Please see video Tutorial: Reproduce_Answers_with_Checkpoint for step by step guidance how to re-run and test our model

Contribution of Team Members

Each of us collaborated very closely in each step of reseach, experiment, and improvise. We have touch point scheduled on a weekly basis, where we shared the learning and resources, discuss our approach, and walk-through our codes. With that, each of us contributed 100% effort in each step of the project process.

Our team members are:

Wenxi Fan (NetID: wenxif2; Email:wenxif2@illinois.edu)

Abhishek Jain (NetID: aj26; Email:aj26@illinois.edu)

Below are the Steps in our Model Training and Output Generation

(as in SequenceClassification.)

Environment Setup

First setup the environment, we will do the following steps here.

Transformers Model Installation
Hyper Parameter Tuning Library Installation
Colab Setup

You will be required to authorize the code using your google account. Copy the authorization code generated and pass it in the notebook in the input box provided when you run mount drive code. Below is the reference:

# Colab setup
from google.colab import drive
drive.mount('/content/drive', force_remount=True)

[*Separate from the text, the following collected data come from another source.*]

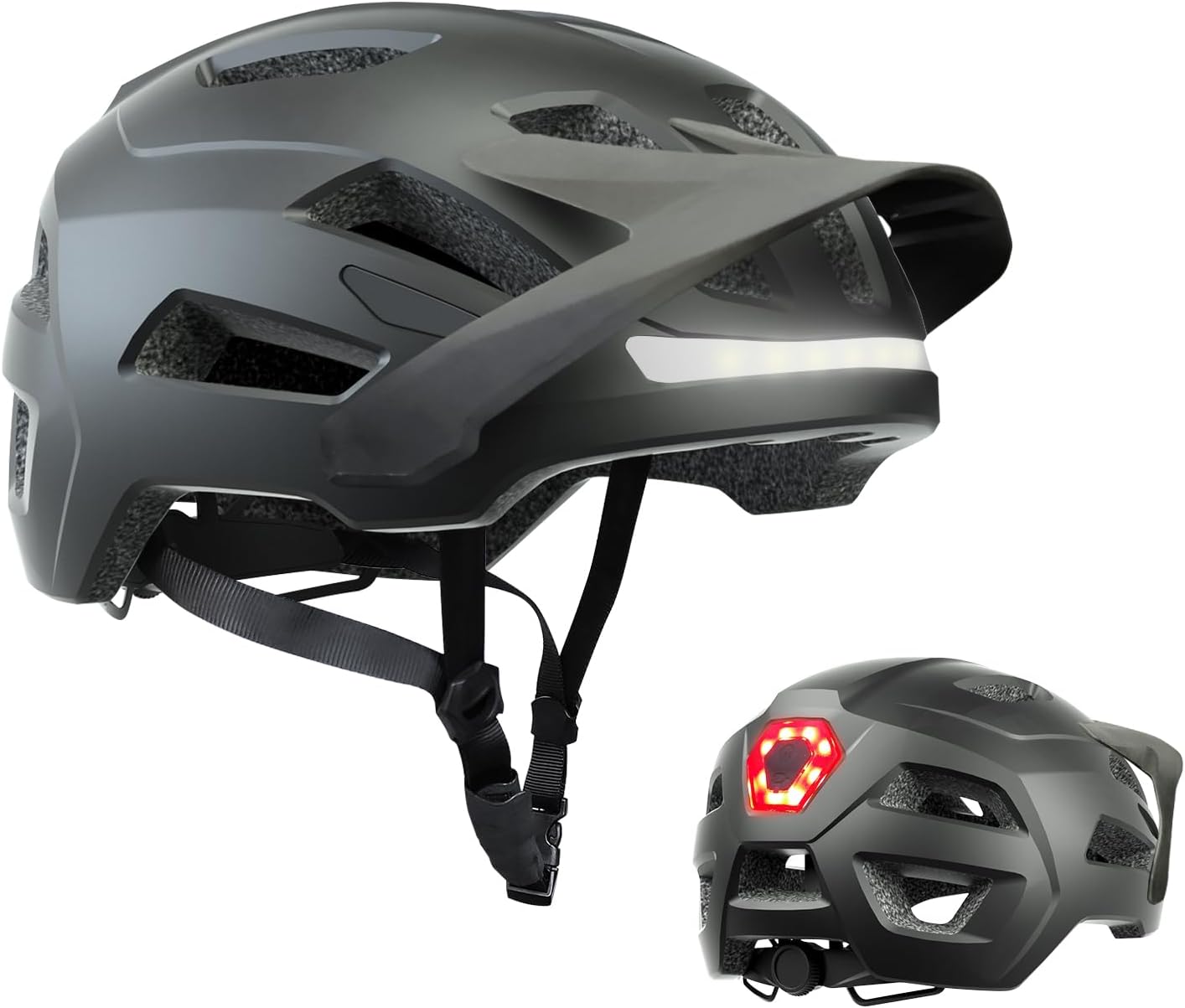 Silkycasters LED Bike Helmet for Adults – CPSC Certified Cycling Helmet with Front & Rear Safety Lights, Removable Sun Visor, and Adjustable Dial for Men & Women (Road, MTB, Commuter)
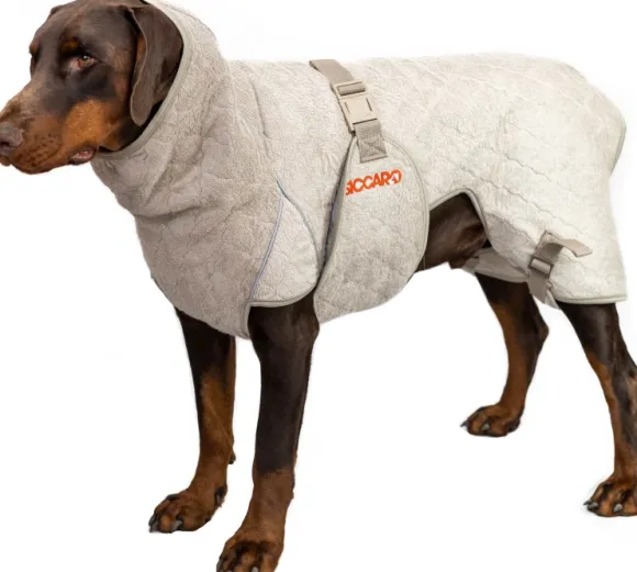Siccaron Solution Drying Robe on erittäin imukykyinen ja ergonomisesti muotoiltu kuivausloimi koirille. Solution-kuivausloimi on muotoiltu uudelleen asiakkaiden toiveiden ja palautteen perusteella. Uusi malli on 20 % peittävämpi kuin edeltäjänsä, joten se peittää hyvin myös koiran takaraajat. Erityisen hyvin tämä loimi sopii esimerkiksi kultaisillenoutajille, spanieleille ja settereille, mutta yhtä hyvin se käy myös muille koiraroduille. Ergonomisesti istuvassa loimen saumoissa on heijastavaa lankaa, joka parantaa näkyvyyttä pimeällä. Lisäksi loimessa on uudet optimoidut hakaset sekä kestävät, luistamattomat soljet. Kaulassa on aukko talutushihnalle.
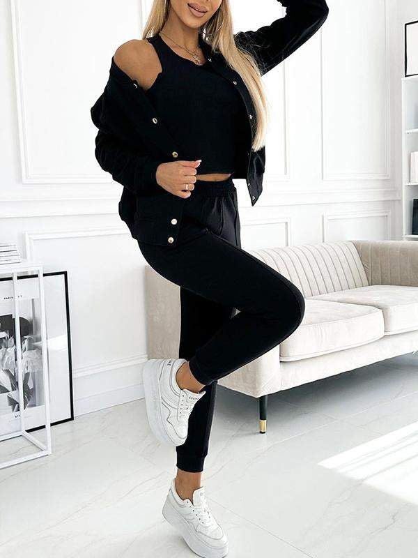 Este elegante conjunto presenta un diseño chic y deportivo, perfecto para el uso diario. Confeccionado para ofrecer comodidad y versatilidad, este set incluye una blusa de manga larga con cuello redondo, pantalones a juego y una chaqueta estilosa, lo que te permite combinar y mezclar con facilidad.

Also please copy the train & test JSONL files provided in your google drive required for training and testing the models further.

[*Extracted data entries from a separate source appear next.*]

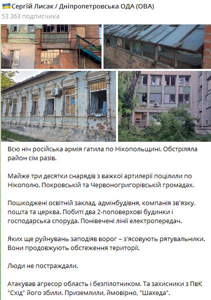 Почти три десятка снарядов попали по Никополю, Покровской и Красногригорьевской громадам.
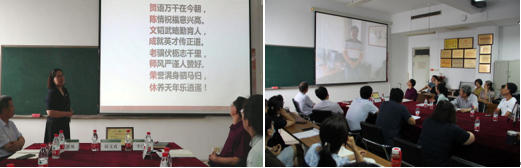 数学系党支部组织委员王晶同志代表支部送上离别赠言,表达同志们的美好祝福与祝愿。许多往届毕业生也通过视频向陈老师表示感谢送出祝福。各位老师也纷纷发言,向陈老师的崇高品德,聪明勤奋,踏实工作,淡泊名利表示致敬并送出衷心祝福。
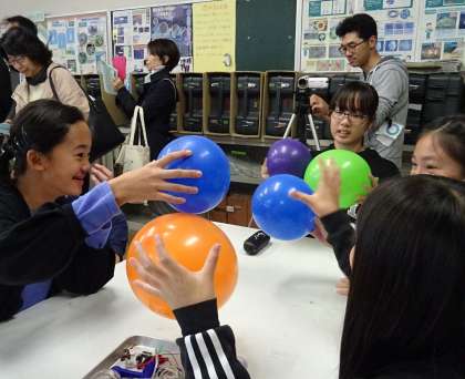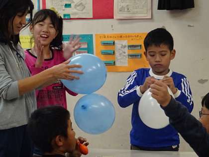 電気をためて、みんなで手をつなぎアルミホイルを触ると…
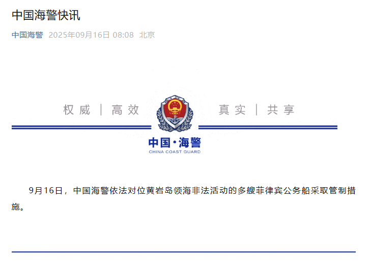 9月16日讯,据中国海警消息,9月16日,中国海警依法对位黄岩岛领海非法活动的多艘菲律宾公务船采取管制措施。

Tutorial: Environment Setup

Data Load

Next step is to load the Training & Test Datasets as Pandas dataframe. Please update correct data path where training and test dataset is copied in your google drive.

datapath = r'/content/drive/My Drive/mcsds/cs-410-text-mining/project/ClassificationCompetition/data'
train_pddf = pd.read_json(datapath+'/train.jsonl', lines=True)
test_pddf = pd.read_json(datapath+'/test.jsonl', lines=True)

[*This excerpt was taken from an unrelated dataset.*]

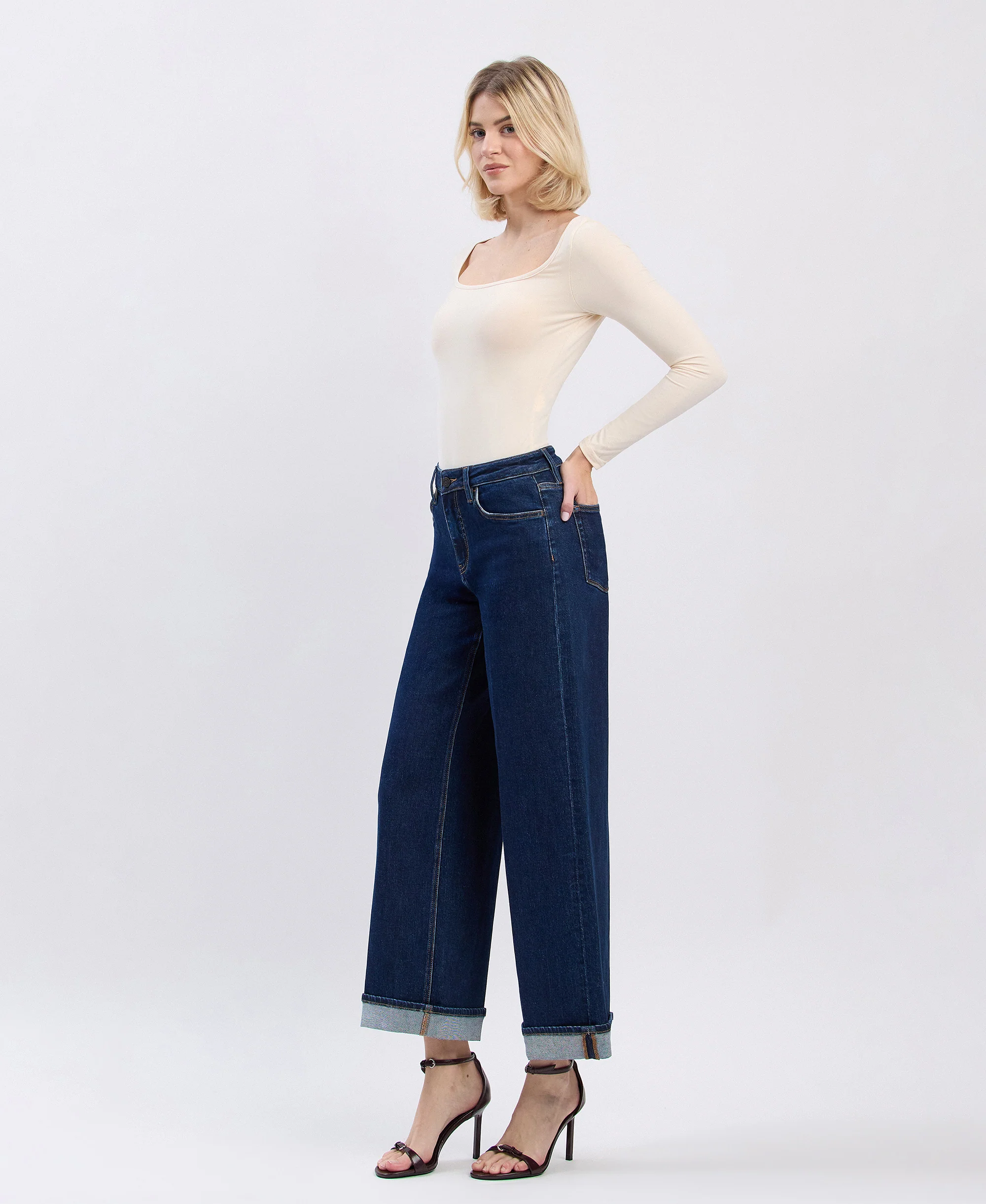 Reward - High Rise Tab Cuffed Ankle Wide Leg Jeans
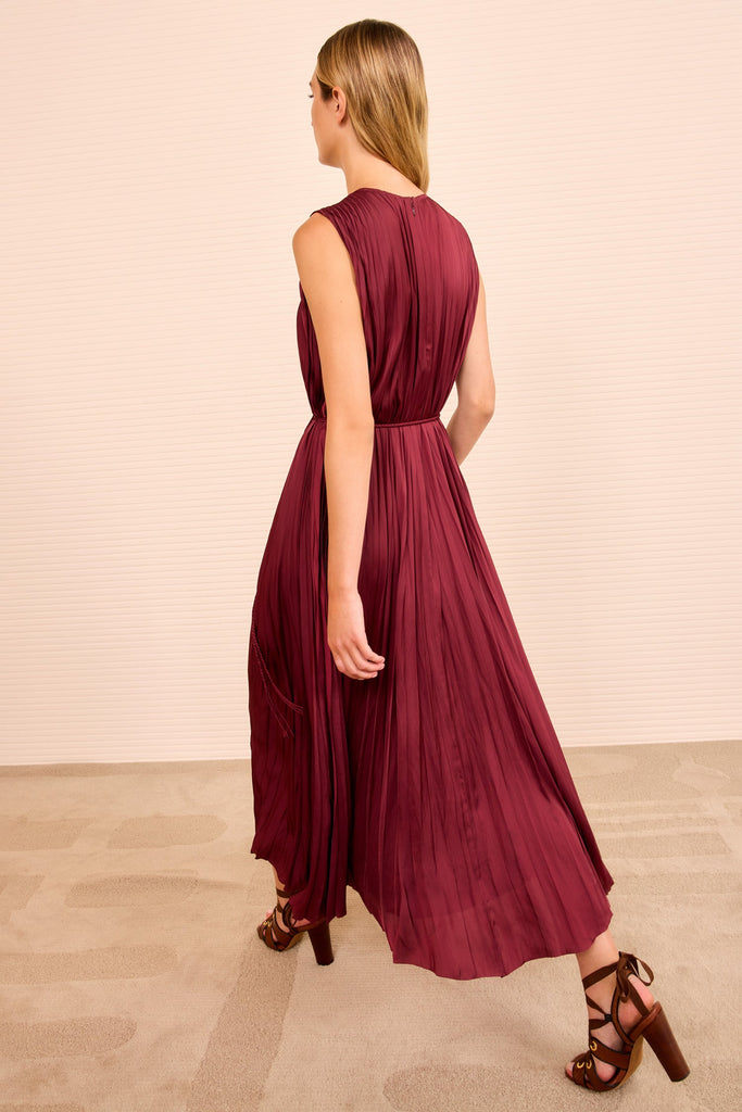 The Fianna Dress is tailored from smooth plissé satin that’s gracefully pleated throughout. Enduring in elegance, this A-line red dress can be worn fluid and loose or with the belt for more definition.

Above example suggests my train & test jsonl files are copied in my drive at '/mcsds/cs-410-text-mining/project/ClassificationCompetition/data' location.

Further run the data load section. Reference: Data Load & Preprocessing

Data Preprocessing

Next step is to run the data preprocessing steps. Below are the different components of it:

Feature Engineering

Create new features:

Last Response: Extract the last response from the context since the current response was generated on Last this can be separately treated.
Context Reversed: Reverse the context before feeding to transformers so that latest tweets are given more attention and incase if context is too big latest shall be considered.
Combine all into a single
Combine Current & Last Response into Single

Sequence Structuring

Define how do we want to structure the different tweets, basically two approaches are followed:

Combine into single: Last response only, Combine all tweets togeather or current and last.
Two Sentence: (Current, Last Response) or (Current, Context Reversed).

Transform to Datasets

Translate preprocessed dataframes to Transformer Datasets. This step is required to make our dataset translated into Transformer datasets construct. Reference: Data Load & Preprocessing

Model Configurtion

Configure which model strategy to select, train test valid splits, performance metrics, training batch sizes etc. Below are the details:

model_checkpoint: which model to use for text sequence classification. Roberta models are observed to give the maximum performance.
task: specify how to structure the sequences as described in sequence structuring step. We have observed the maximum performance with 'response_context_rev_sep' structure. This format structures input as two sequence <response, context> where response is last tweet to be classified, and context tweets are the previous tweets in an reversed order of occurance.
metric_name: metric to be optimized while training. We have configured it to accuracy.
num_labels: 2, number of classes Sarcasm, Not Sarcasm
batch_size: 16 for roberta, 64 for bert otherwise we face out of memory issues.
train_test_split: to divide training data into train and test datasets.
test_valid_split: to divide test dataset into test and validation set.
epoch: number of epochs to train model on.
weight_decay: determines how much an updating step influences the current value of the weights
learning_rate: weight update rule that causes the weights to exponentially decay to zero

Reference: Model Config

Tokenization

This step translates words to context tokens. Transformers Tokenizer tokenize the inputs (including converting the tokens to their corresponding IDs in the pretrained vocabulary) and put it in a format the model expects, as well as generate the other inputs that model requires.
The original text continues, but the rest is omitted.